## TASK STATEMENT
Leave the pictures aside. Retype exactly the lines from the top of the data below through the one holding "祖母绿碧玺色绿宝石纯银镀金戒指男简约个性潮单身戒定制铂金刻字".

## TASK DATA
---------------
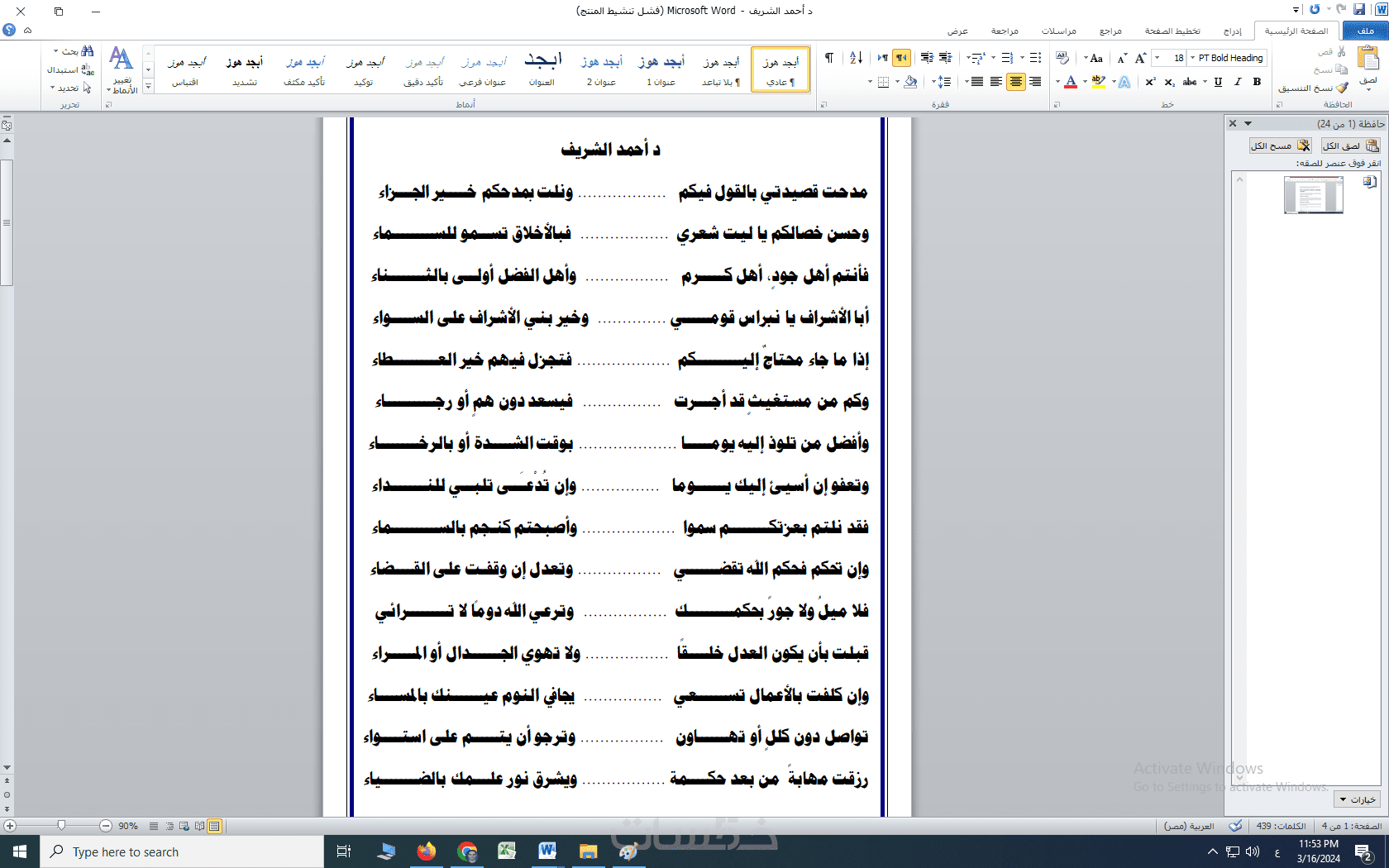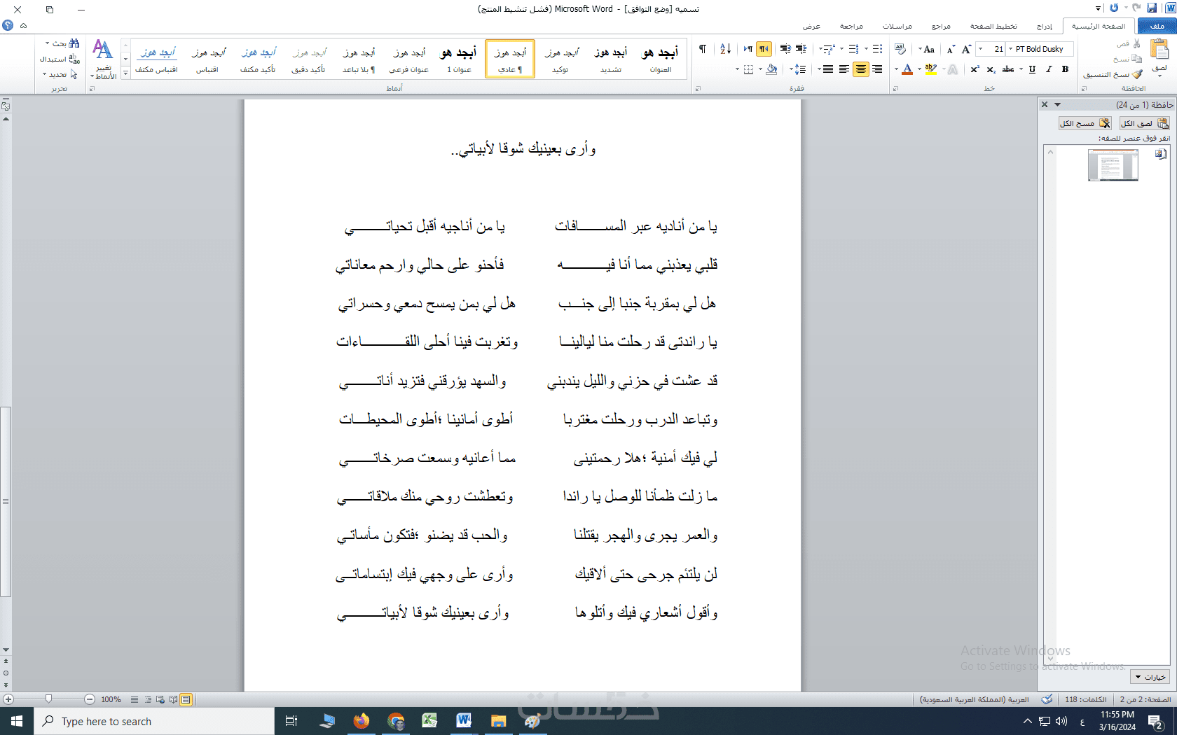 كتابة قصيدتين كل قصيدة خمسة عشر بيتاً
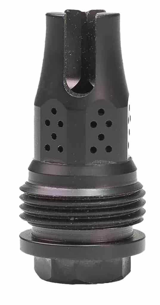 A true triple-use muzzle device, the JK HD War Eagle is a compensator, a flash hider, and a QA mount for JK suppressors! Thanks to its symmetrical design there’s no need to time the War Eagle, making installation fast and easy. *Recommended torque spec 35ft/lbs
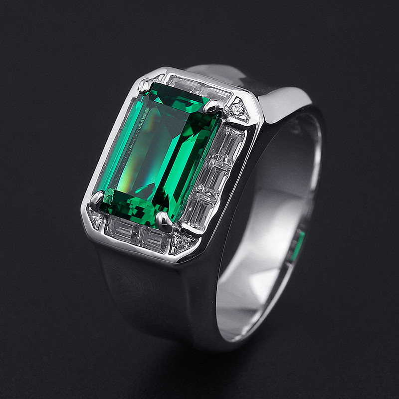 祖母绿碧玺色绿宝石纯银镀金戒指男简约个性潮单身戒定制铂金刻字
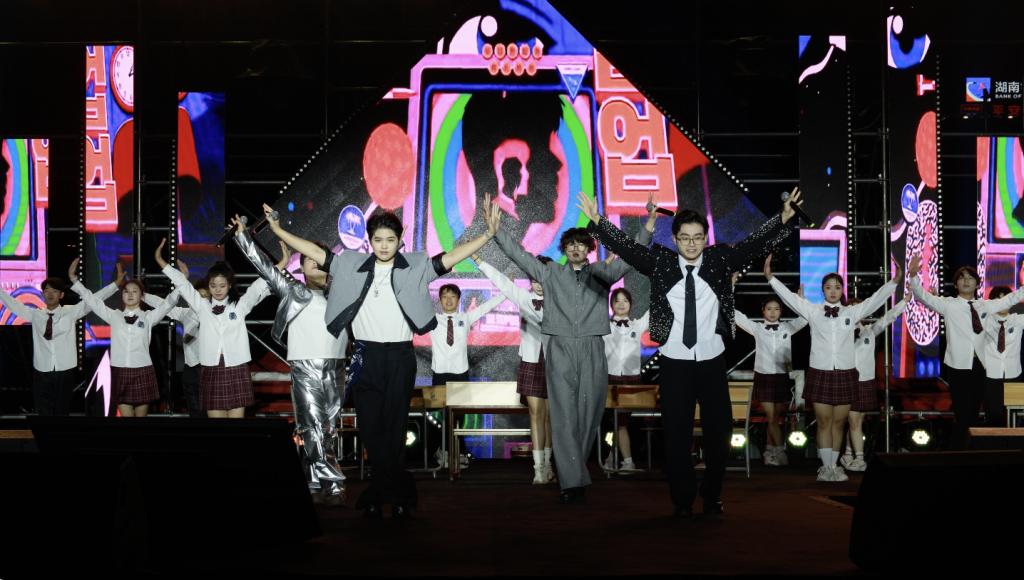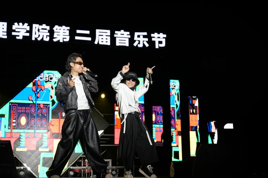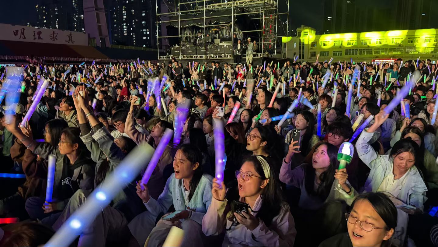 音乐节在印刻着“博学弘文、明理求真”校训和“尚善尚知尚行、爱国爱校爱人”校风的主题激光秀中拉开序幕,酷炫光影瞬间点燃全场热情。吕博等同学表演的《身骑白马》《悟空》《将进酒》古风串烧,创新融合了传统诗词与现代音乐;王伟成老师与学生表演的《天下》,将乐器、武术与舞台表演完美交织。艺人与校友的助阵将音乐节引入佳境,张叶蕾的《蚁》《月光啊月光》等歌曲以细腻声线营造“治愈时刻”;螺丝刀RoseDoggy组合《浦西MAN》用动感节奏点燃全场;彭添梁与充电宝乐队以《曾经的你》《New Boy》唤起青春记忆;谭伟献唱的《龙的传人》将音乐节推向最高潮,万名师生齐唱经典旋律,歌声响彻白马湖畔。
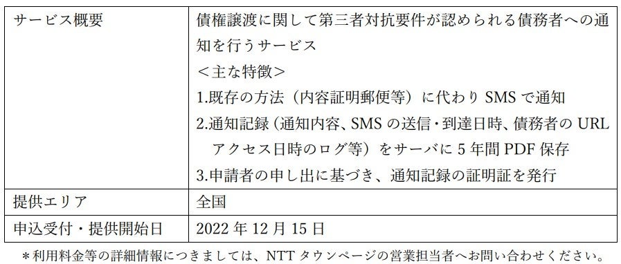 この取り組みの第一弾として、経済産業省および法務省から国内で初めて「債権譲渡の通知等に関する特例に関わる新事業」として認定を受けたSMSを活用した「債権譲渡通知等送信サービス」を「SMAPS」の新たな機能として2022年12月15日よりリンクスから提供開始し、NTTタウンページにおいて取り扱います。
---------------
## OUTPUT BELOW
 كتابة قصيدتين كل قصيدة خمسة عشر بيتاً
 A true triple-use muzzle device, the JK HD War Eagle is a compensator, a flash hider, and a QA mount for JK suppressors! Thanks to its symmetrical design there’s no need to time the War Eagle, making installation fast and easy. *Recommended torque spec 35ft/lbs
 祖母绿碧玺色绿宝石纯银镀金戒指男简约个性潮单身戒定制铂金刻字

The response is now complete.